The Form of Inquisition recorded the jury's verdict of suicide. In the narrative section, the foreman had written: 'Between 2 and 4 a.m. the deceased tore a strip from his bed sheet, tied one end to the bars of the window and, standing on a chair, tied the other end around his neck, then kicked the chair away, causing death by strangulation.'
There were statements from the maintenance man who discovered the body, the two secure care officers who were on duty in the house unit that night, a security guard who testified to the continuing malfunction of the CCTV system in the unit, the medical staff who examined Danny on his admission, the director of Portshead Farm and the case worker from the Youth Offending Team who had dealt with him before he was sentenced. A copy of the staff rosters for the week leading up to Danny's death had been carefully gone through: there were personal phone numbers next to each name and ticks, she assumed, Marshall had made as he worked through them.

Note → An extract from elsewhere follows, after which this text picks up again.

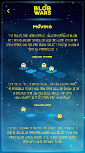 The rules are very simple. You can spawn a blob into an adjacent space or you can jump into a an open space one square away. Select a blob on your team by tapping on it. One selected, your blob will be highlighted and the possible moves you may take will be shown with darkened and lighted blue tiles. Tap on a highlighted tile to complete your move.

Near the back of the file was an aerial photograph and detailed plan of the secure training centre which Marshall had annotated. It was a small prison in an exposed field on the South Gloucestershire side of the Severn estuary, midway between the Severn Bridge and Oldbury nuclear power station, four miles to the east.

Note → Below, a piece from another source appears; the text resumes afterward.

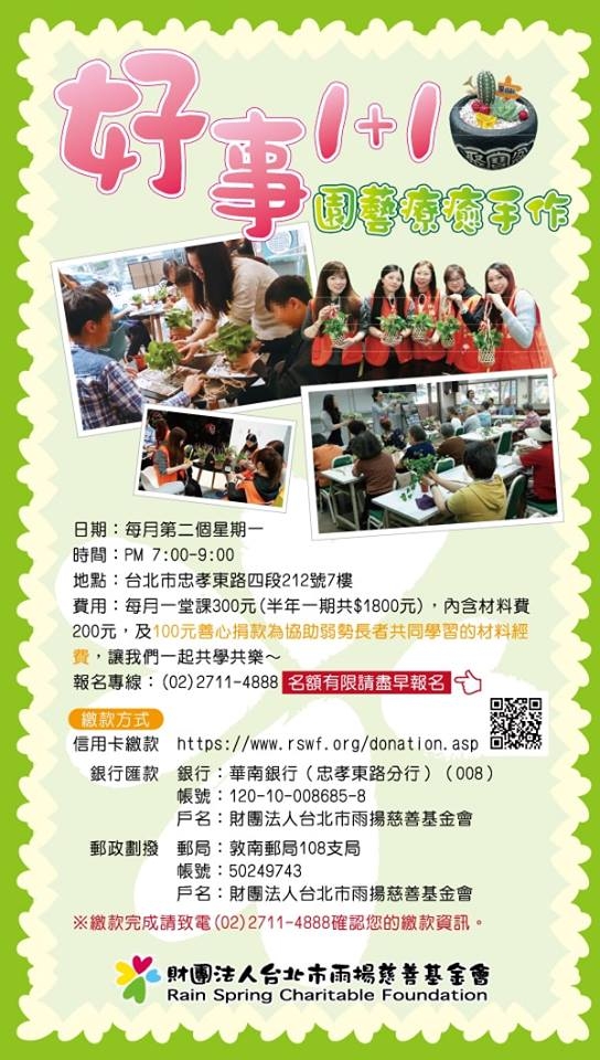 本會推出《好事1+1。園藝療癒手作》

Portshead Farm consisted of five buildings positioned around a central yard area and a playing field. The entire complex was surrounded by a twelve-foot concrete wall topped with razor wire and surveillance cameras. At the entrance were the reception and medical centre in which new inmates were examined and, if necessary, housed in one of several observation cells before being certified fit for transfer to one of the two single-sex house units. The fourth building contained classrooms in which trainees underwent a crude form of education. The fifth, nearest the playing field, was the canteen, which doubled as a gymnasium.